WHAT NEEDS TO BE DONE: Pictures do not belong in the copy. Write out exactly the lines from the one containing "Widzieliśmy też młodych" through the end of the data.
____ INPUT FOR THIS TASK
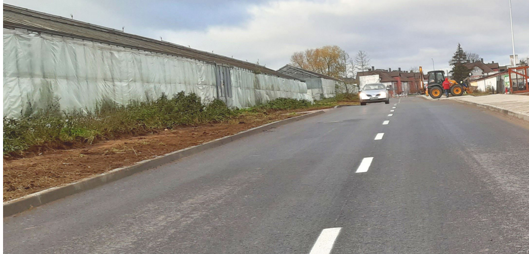
Ulica Cedrowa, czyli popularny skrót przez szklarnie

gdzie po deszczu woda stała na jezdni – dodaje pani wójt.
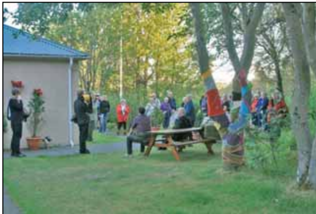
Skógarganga hjá Skógræktarfélagi Kópavogs í Kópavogsdal.
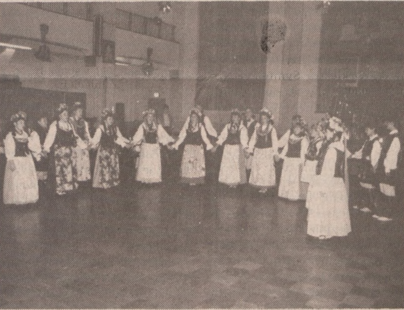
Zespół pieśni i tańca ze szkoły im. T. Kościuszki

Widzieliśmy też młodych solistów w oberku i obrazkach obyczajowych. Na zakończenie wykonuje ognistego krakowiaka z takim żywiołem że aż ma się ochotę ruszyć z
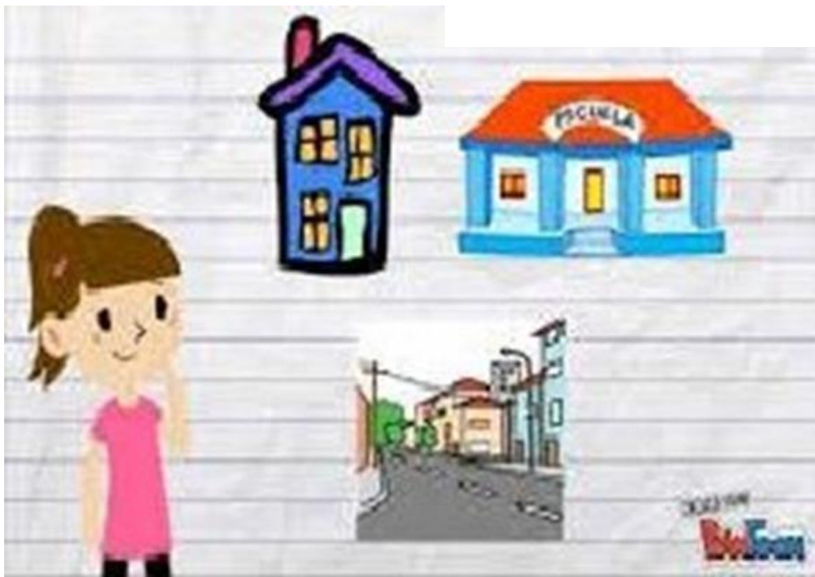
Figura 10. Pinterest-México. (s.f.). Casas.(Imagen) Recuperada de https://www.pinterest.com.mx/pin/571886852686912517/?nic_v1=1aI9oESJzA0dAIWGmVaqCEHOSbITw3oVc0E3B6i9jqN8w1vCriG%2F3z9d9igxrXhK
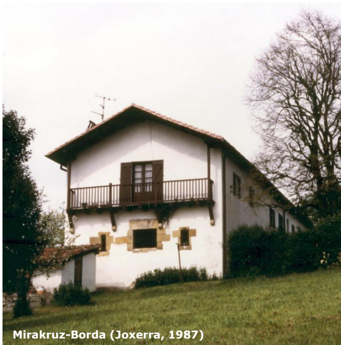
Miracruz-Borda (Joxerra, 1987)
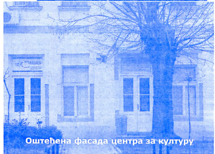
Оштећена фасада центра за културу
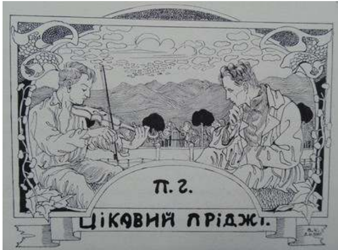
Іл. 40. Малюнок-заставка В.Касіяна до нариса «Цікавий Пріджі», уміщений в присвяченому Т.Шевченкові номері журналу «Полонений», березень 1920 р. Див.: Полонений. Кассіно, 1920. 9 березня. Ч.3(12).
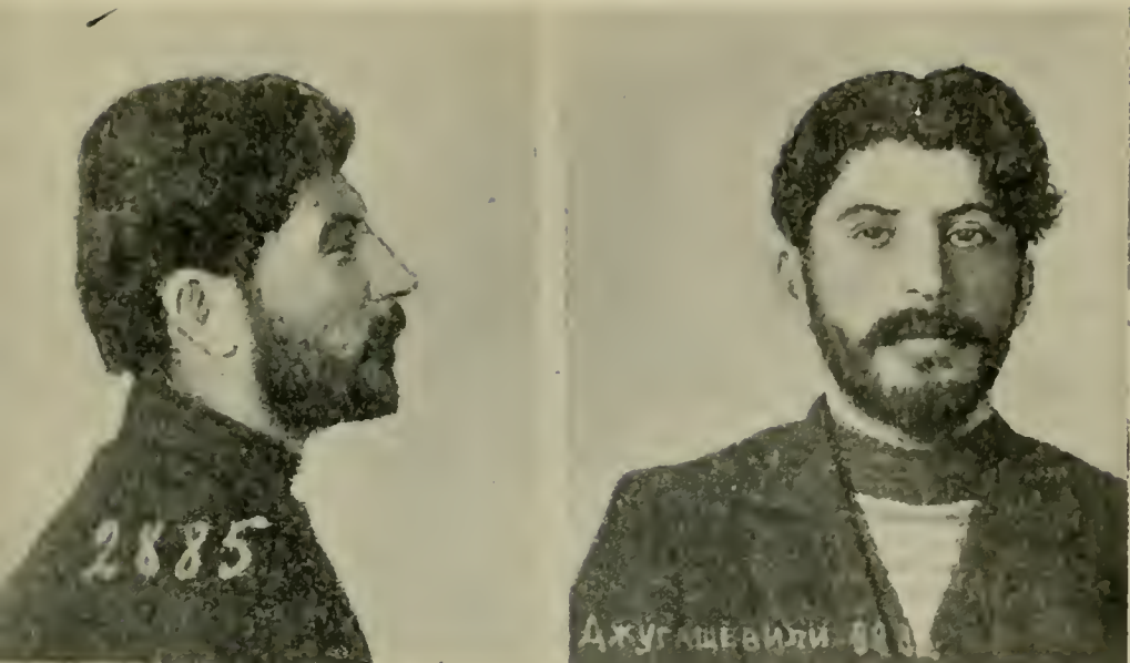
І. В. ДЖУГАШВИЛИ («СТАЛИНЪ»).
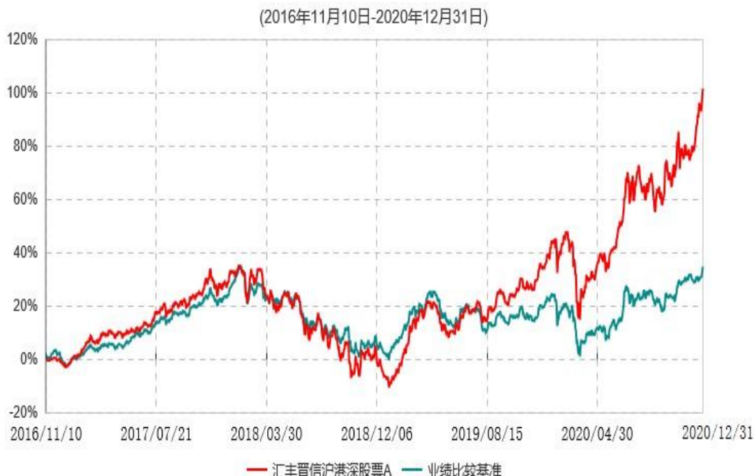
汇丰晋信沪港深股票A累计净值增长率与业绩比较基准收益率历史走势对比图
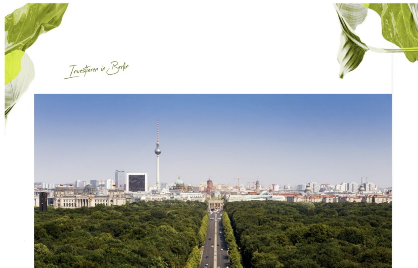
Investieren in Berlin
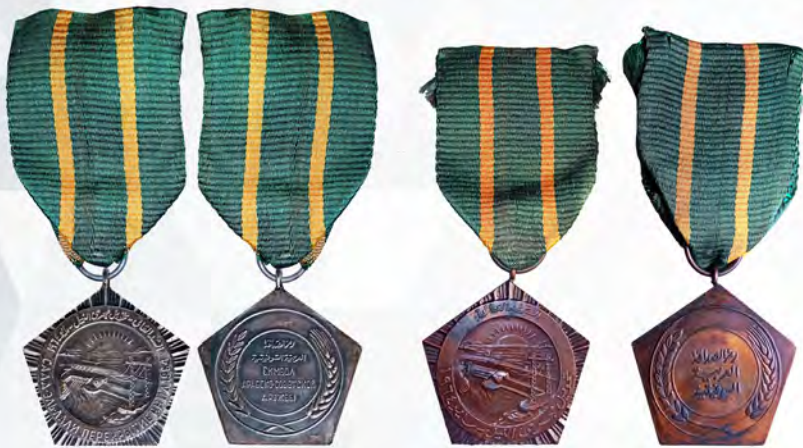
Ил. 40. Медаль Объединенной Арабской Республики «Садд-Эль-Аали» за перекрытие Нила при строительстве Асуанской плотины. Варианты на русском и арабском и только на арабском. 1964 г. КМТ.
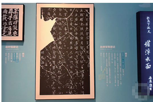
有题刻显示石鱼最长十八年、最短两年出水可见
________
ANSWER BELOW:
Widzieliśmy też młodych solistów w oberku i obrazkach obyczajowych. Na zakończenie wykonuje ognistego krakowiaka z takim żywiołem że aż ma się ochotę ruszyć z
Figura 10. Pinterest-México. (s.f.). Casas.(Imagen) Recuperada de https://www.pinterest.com.mx/pin/571886852686912517/?nic_v1=1aI9oESJzA0dAIWGmVaqCEHOSbITw3oVc0E3B6i9jqN8w1vCriG%2F3z9d9igxrXhK
Miracruz-Borda (Joxerra, 1987)
Оштећена фасада центра за културу
Іл. 40. Малюнок-заставка В.Касіяна до нариса «Цікавий Пріджі», уміщений в присвяченому Т.Шевченкові номері журналу «Полонений», березень 1920 р. Див.: Полонений. Кассіно, 1920. 9 березня. Ч.3(12).
І. В. ДЖУГАШВИЛИ («СТАЛИНЪ»).
汇丰晋信沪港深股票A累计净值增长率与业绩比较基准收益率历史走势对比图
Investieren in Berlin
Ил. 40. Медаль Объединенной Арабской Республики «Садд-Эль-Аали» за перекрытие Нила при строительстве Асуанской плотины. Варианты на русском и арабском и только на арабском. 1964 г. КМТ.
有题刻显示石鱼最长十八年、最短两年出水可见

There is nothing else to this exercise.